Vintage clothing hanging on the rail.
A lovely shop in St Petersburg @mire_retro where I got that palm tree dress. Generally love how chic people merchandise vintage stores in Russia. Also, wish my wardrobe looked this neat.

During summer in June, I found the post by @slowfashionseason on @fashionforgood page prompting people to avoid buying new clothes for three months. I knew I was destined for failure, but I wanted to try to change my mindset.

It was hard because it started right when sales began, my Birthday is in July, and I start each day by browsing what's new online. I did buy three new pairs of shoes, a piece of jewellery, a jumpsuit by Gung Ho, a hat by Mu Du London and two traditional Russian scarves because I'm hardly ever there and I can only buy it there.

At the beginning of the challenge, I went Harrods (I do not remember why, but I had to) and I 'accidentally' ended up on the 5th floor in the shoe section. That's THE danger zone, where I tried so many shoes, I ended up buying two pairs for myself. My excuse was: one is Old Céline (Phoebe Philo fan over here), the other was Manolo Blahnik. I always go Manolo during summer sale, because his shoes work very well for me, but being expensive, I wait till summer sale to treat myself to a pair.

I have been adding a few pieces to my Netaporter and Matches sale wish list to avoid being tempted to buy everything and have a think first. I have wanted a straw or a wicker bag for a while, so I ordered a few, subsequently returning them because I didn't like them and just felt they weren't perfect enough to break the 'challenge'. I am aware that delivery is not CO2 neutral, so I don't know how much good I did by buying and returning, but I suppose that's one problem about still wanting to buy something. I did so with a Whistles skirt that's been on my wishlist since February. Overall the number of my online orders reduced thanks to the challenge.

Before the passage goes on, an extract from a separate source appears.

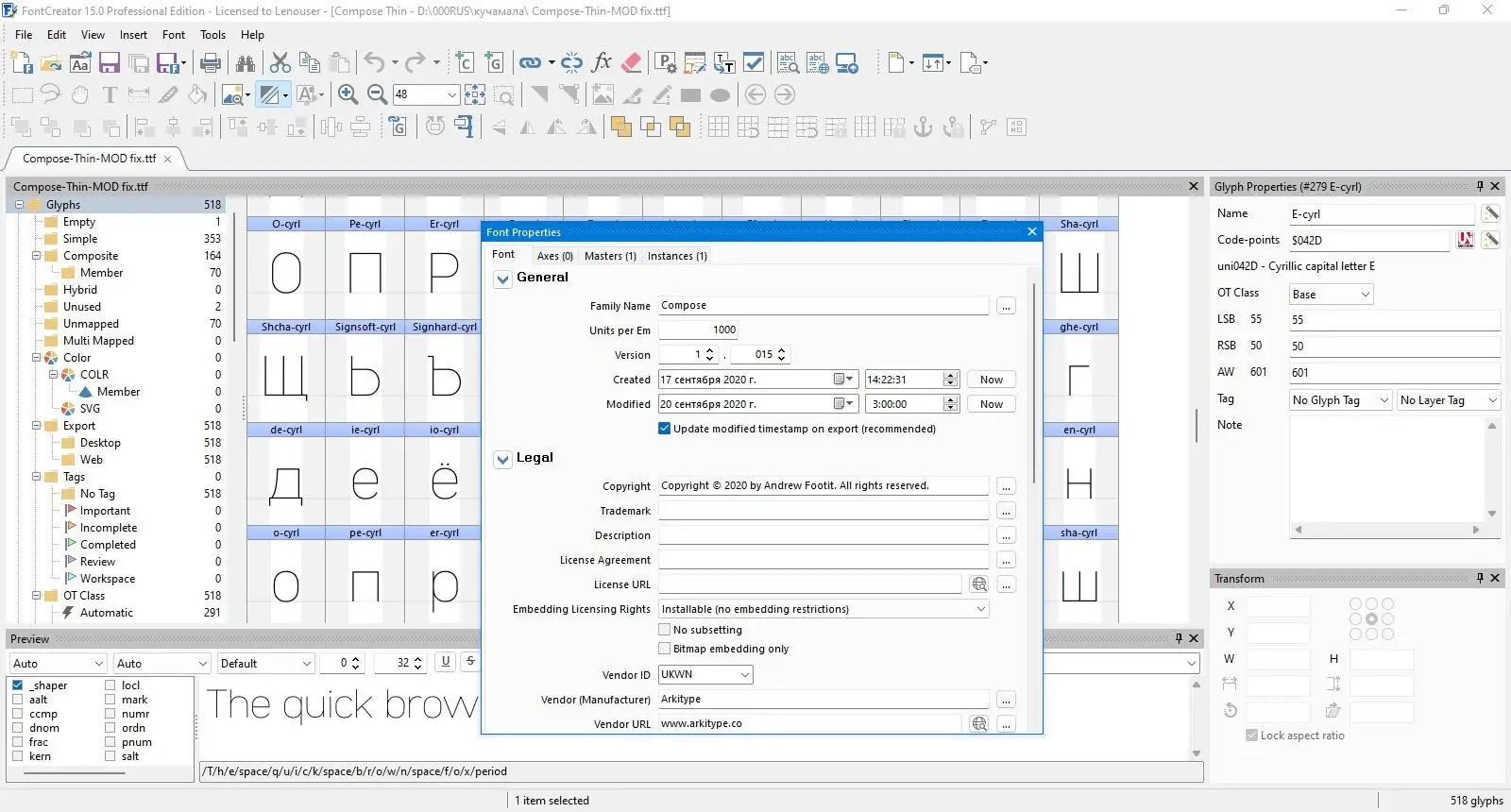 - Редактирование и обновление имен шрифтов и метаданных

I also was tempted and got the Gung Ho jumpsuit on sale. I borrowed a couple for my shoots during summer and fell in love. It is made from Tencel. Soft and beautiful. Sophie had a sale on and a party, I had a few drinks and, well, made the purchase. I did buy a different jumpsuit from the one I wanted initially. I went for a calmer option so that I could wear it in a variety of ways layered with or over a jumper, a shirt or whatever else. It doesn't help that Sophie is the sweetest person, and I want to support her intentions, her business, her designs (that are so chic and wearable at the same time). So far I've worn it quite a bit and intend to keep doing so.

I made two exceptions for myself. One being buying presents for Christmas for people because certain items I had in mind were on sale. The second was my Birthday and especially seeing my parents during that time. They don't tend to buy me presents; they take me to a full-on shopping trip. They are also not keen on second hand unless it's Chanel and they can see the quality right in front of them. If I say no, well firstly it's hard when you're in Prada and secondly that's the worse way to offend my parents. I did end up getting a few pretty pieces, but I chose well, got fewer than usual, and made sure I would wear the clothing for a long time. I have already worn them as well.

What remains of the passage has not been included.